• **What is needed**
Restate exactly the lines that run from the start of the records below to the line containing "[서울=뉴스핌] 류기찬 기자", counting both ends, and nothing else; pictures stay out.
--
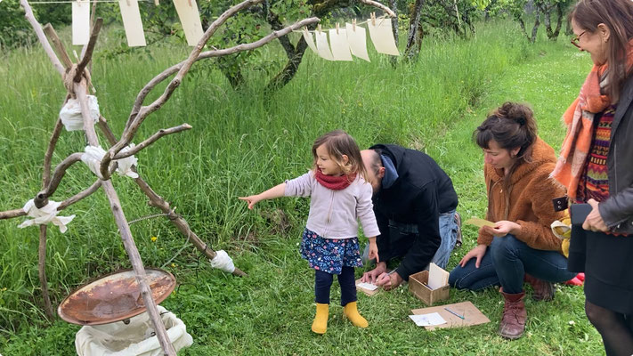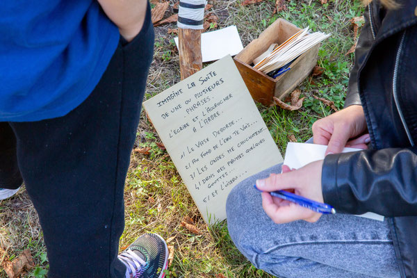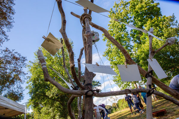 A la fin du parcours, une invitation à écrire ou dessiner ses émotions et sensations puis les accrocher sur l'arbre à mots.
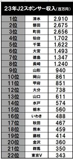J2クラブの首位は清水エスパルスで29億1000万円。2位はジュビロ磐田の26億7500万円、3位は町田ゼルビアの26億5600万円となっている。
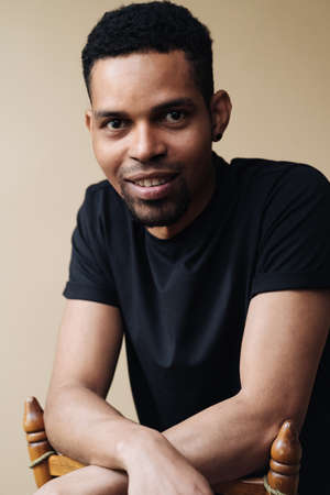 Young African American man wearing casual clothes looking at camera with smile on face, natural expression on beige background
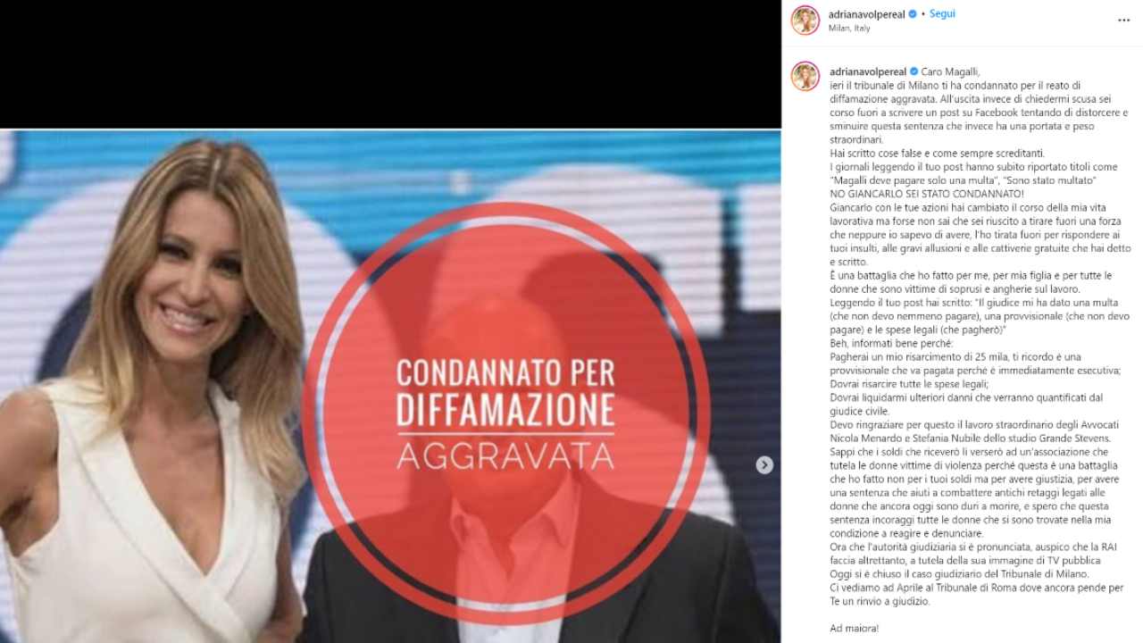 In seguito alla condanna per diffamazione ai danni di Giancarlo Magalli, la lite tra il conduttore e Adriana Volpe continua a distanza.
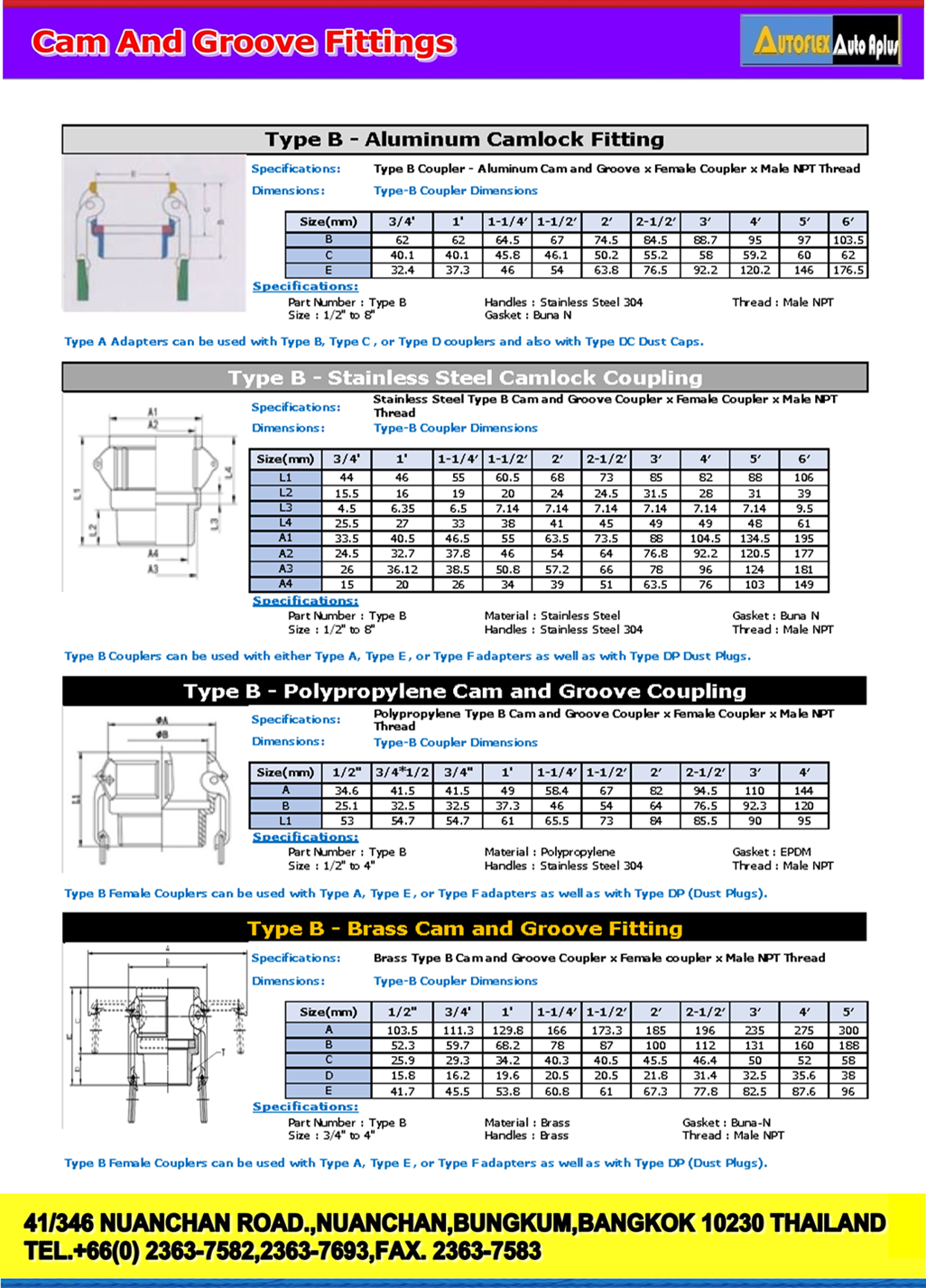 E-Catalog > Camlock Coupling & Groove And Pin Lug Coupling > CAMLOCK AND GROOVE FITTINGS TYPE B-MAT. POLYPROPYLENE
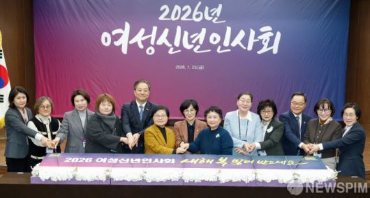 [서울=뉴스핌] 류기찬 기자 = 원민경 성평등가족부 장관(왼쪽에서 일곱번째)과 참석자들이 23일 오후 서울 중구 은행회관에서 열린 2026년 여성신년인사회에서 떡케이크를 자르고 있다. 2026.01.23 ryuchan0925@newspim.com
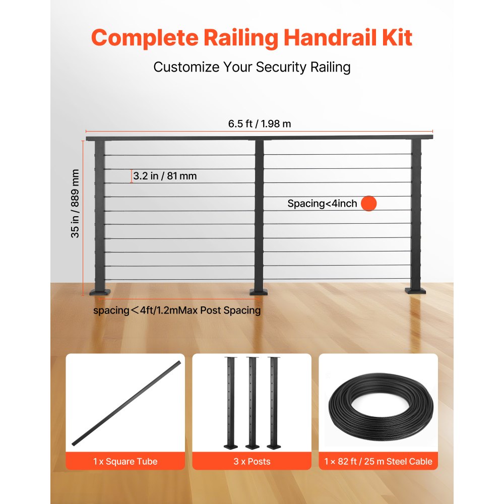 Kit de barandillas: Nuestro kit completo incluye tubos cuadrados, postes y cables para barandillas de seguridad personalizadas. Fácil de instalar y se adapta perfectamente a escaleras interiores, balcones o terrazas exteriores, haciendo que su espacio sea más seguro y atractivo
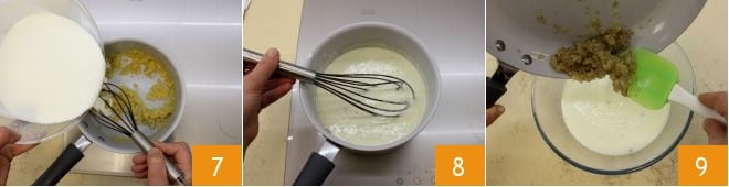 incorporate the strained milk 7 and stir with a whisk; continue cooking until the sauce has thickened 8 while stirring quickly, then turn off the heat. At this point, place the béchamel in a bowl and add the stewed shallots 9.
--
• **Response to the exercise**
 A la fin du parcours, une invitation à écrire ou dessiner ses émotions et sensations puis les accrocher sur l'arbre à mots.
J2クラブの首位は清水エスパルスで29億1000万円。2位はジュビロ磐田の26億7500万円、3位は町田ゼルビアの26億5600万円となっている。
 Young African American man wearing casual clothes looking at camera with smile on face, natural expression on beige background
 In seguito alla condanna per diffamazione ai danni di Giancarlo Magalli, la lite tra il conduttore e Adriana Volpe continua a distanza.
 E-Catalog > Camlock Coupling & Groove And Pin Lug Coupling > CAMLOCK AND GROOVE FITTINGS TYPE B-MAT. POLYPROPYLENE
 [서울=뉴스핌] 류기찬 기자 = 원민경 성평등가족부 장관(왼쪽에서 일곱번째)과 참석자들이 23일 오후 서울 중구 은행회관에서 열린 2026년 여성신년인사회에서 떡케이크를 자르고 있다. 2026.01.23 ryuchan0925@newspim.com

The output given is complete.